Guardando Il mio nome è Khan non si può non pensare a Forrest Gump, ma nemmeno al Sam di Sean Penn o al Rain man di Dustin Hoffman, la diversità è negli occhi di chi guarda, Johar non ha alcun timore a ritrarre un personaggio che vive ai margini, ma che cerca il suo personale sogno americano, ma soprattutto una vita normale e una felicità necessaria, nonostante ad un certo punto dopo una faticosa integrazione l’incubo del terrorismo lo riporti brutalmente ad essere un emarginato.

Certamente nella pellicola di Johar ci sono alcune semplificazioni che potrebbero destare perplessità, ma il bello del cinema indiano è proprio questo non aver timore della retorica, di un linguaggio quuasi fiabesco con il quale affrontare argomenti difficili con una meravigliosa ingenuità di fondo, un ingenuità di cui  il cinema odierno abbisogna e che sia il cinema europeo che quello d’oltreoceano hanno ormai perduto a causa di una narrazione troppo costruita, troppo filtrata e a volte incapace di parlare schietto al cuore dello spettatore.
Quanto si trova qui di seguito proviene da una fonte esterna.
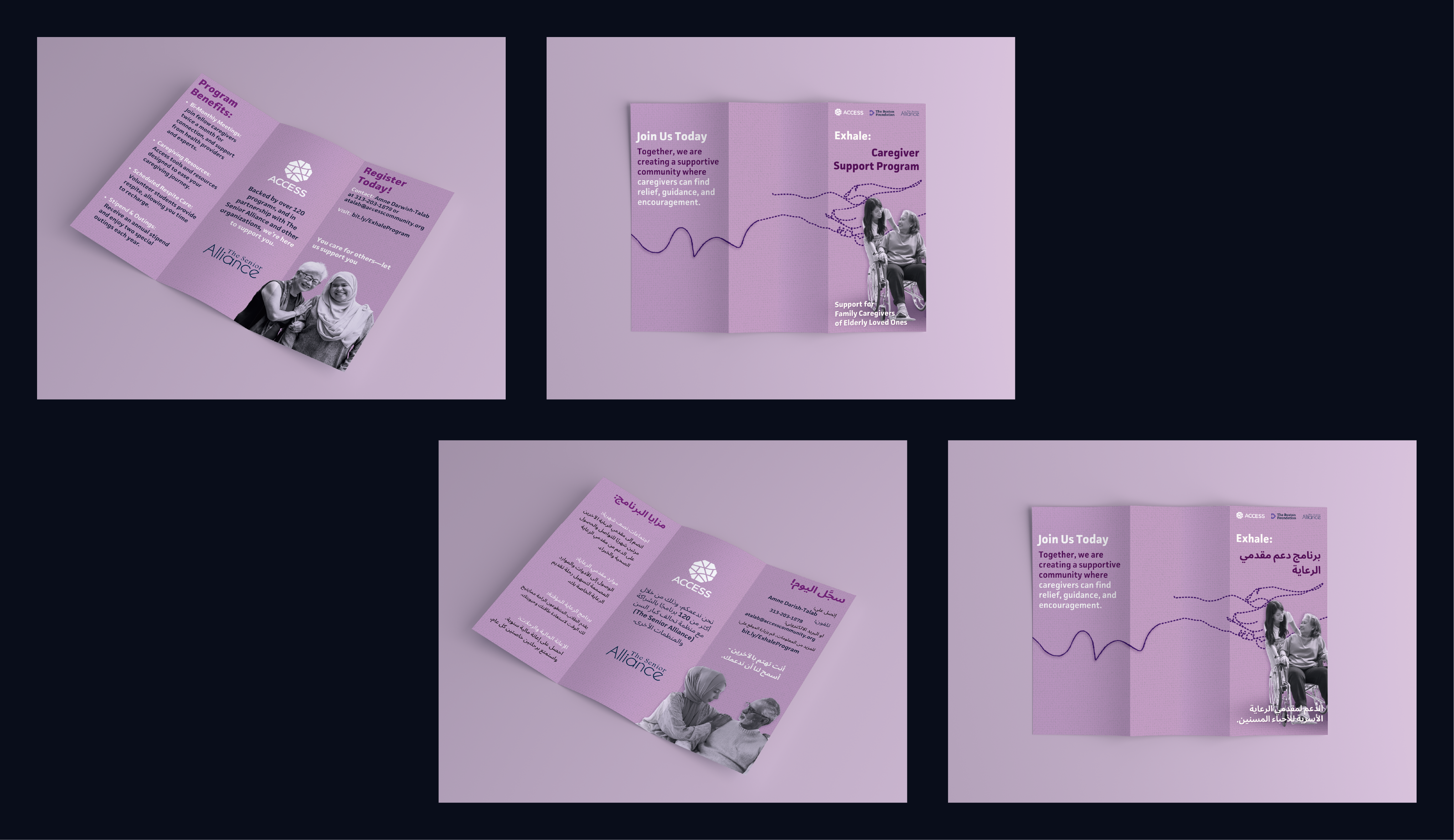 Caregiving for elderly loved ones is often a thankless mentally and physically exhausting job. These individuals give so much for the ones they care for but often do not get the support they need. This is why the Social Services Department at ACCESS (Arab Community Center for Economic and Social Services) started a caregiver support program called the EXHALE Program. This program was designed to empower caregivers of elderly loved ones by providing caregivers with the resources, support, and connection they need. With the support of my colleague Jacob, I developed branding specially for the audience of this support group. I created a brand for the support group that reflects the warm and compassionate nature of the program. By centering the branding around crafts such as sewing and embroidery, my hope was to create a brand that mirrors the feeling of connection between friends in the support group with the connection which is often felt when doing crafts with or for others within the home. Using this branding, I developed a variety of marketing assets such as social media graphics, posters, banners and flyers to get the word out about this amazing program.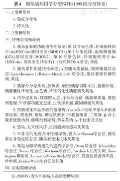 | 1.胰岛β细胞功能遗传性缺陷:第12号染色体,肝细胞核因子-1α(HNF-1α)基因突变(MODY3);第7号染色体,葡萄糖激酶(GCK)基因突变(MODY2);第20号染色体,肝细胞核因子-4α(HNF-4α)基因突变(MODY1);线粒体DNA突变;其他 | |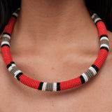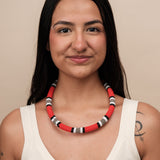 Criado exclusivamente pelo núcleo familiar da Yawapa Kamayurá para a Tucum, as gargantilhas trazem os grafismos tradicionais do povo Kamayurá.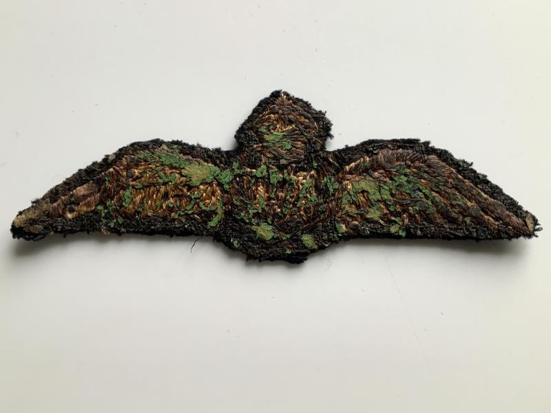 Here we have another original variation of the RAF Pilots Wings Wing. Flat ten feathers pattern issued Circa 1939-45. Removed from uniform with age and service wear. Note the A in the RAF scarce example.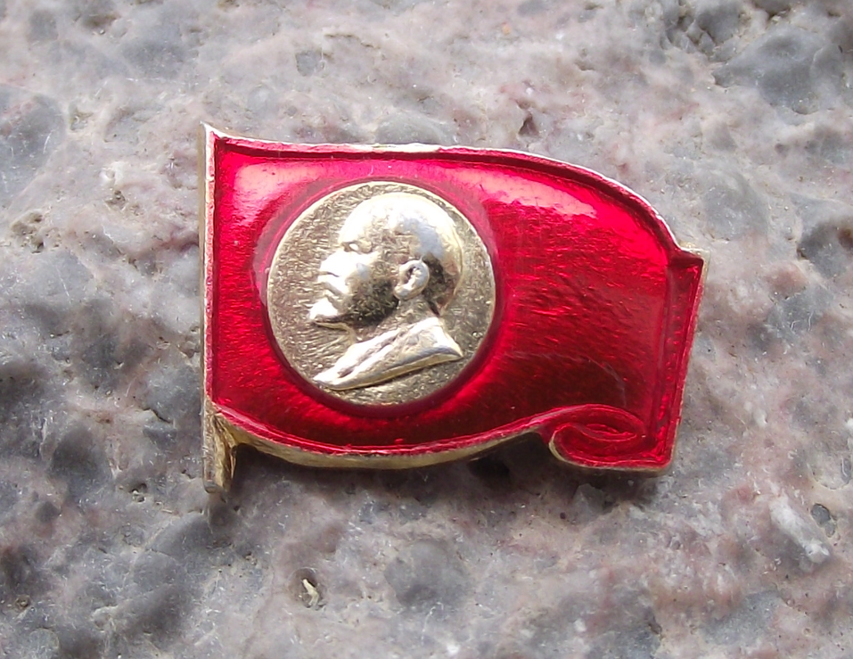 Vintage VI Lenin Head Profile Communist Leader on Red Flag Pin Badge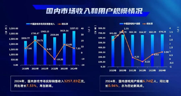 在版号常态化发放并且版号总量增长的态势下,根据游戏工委发布的2024年游戏产业报告显示,国内游戏市场2024年实际销售收入3257.83亿元,同比增长7.53%;中国游戏用户规模6.75亿人,同比增长0.94%,均创下历史新高。

Sha Ruhk Khan nei panni del protagonista mostra una capcità estrema di interiorizzare il disagio del suo personaggio, splendida e solare Kajol che nella seconda parte sfoggia un registro drammatico davvero notevole e naturalmente co-protagonista la musica, onnipresente, emozionante e travolgente che arriva a scandire puntuale le mille sfumature di un film senza dubbio a misura di spettatore.

Il film verrà presentato in anteprima il 31 ottobre 2010 come evento speciale al Festival Internazionale del Film di Roma, mentre l’uscita nelle sale italiane è prevista per il 26 novembre 2010.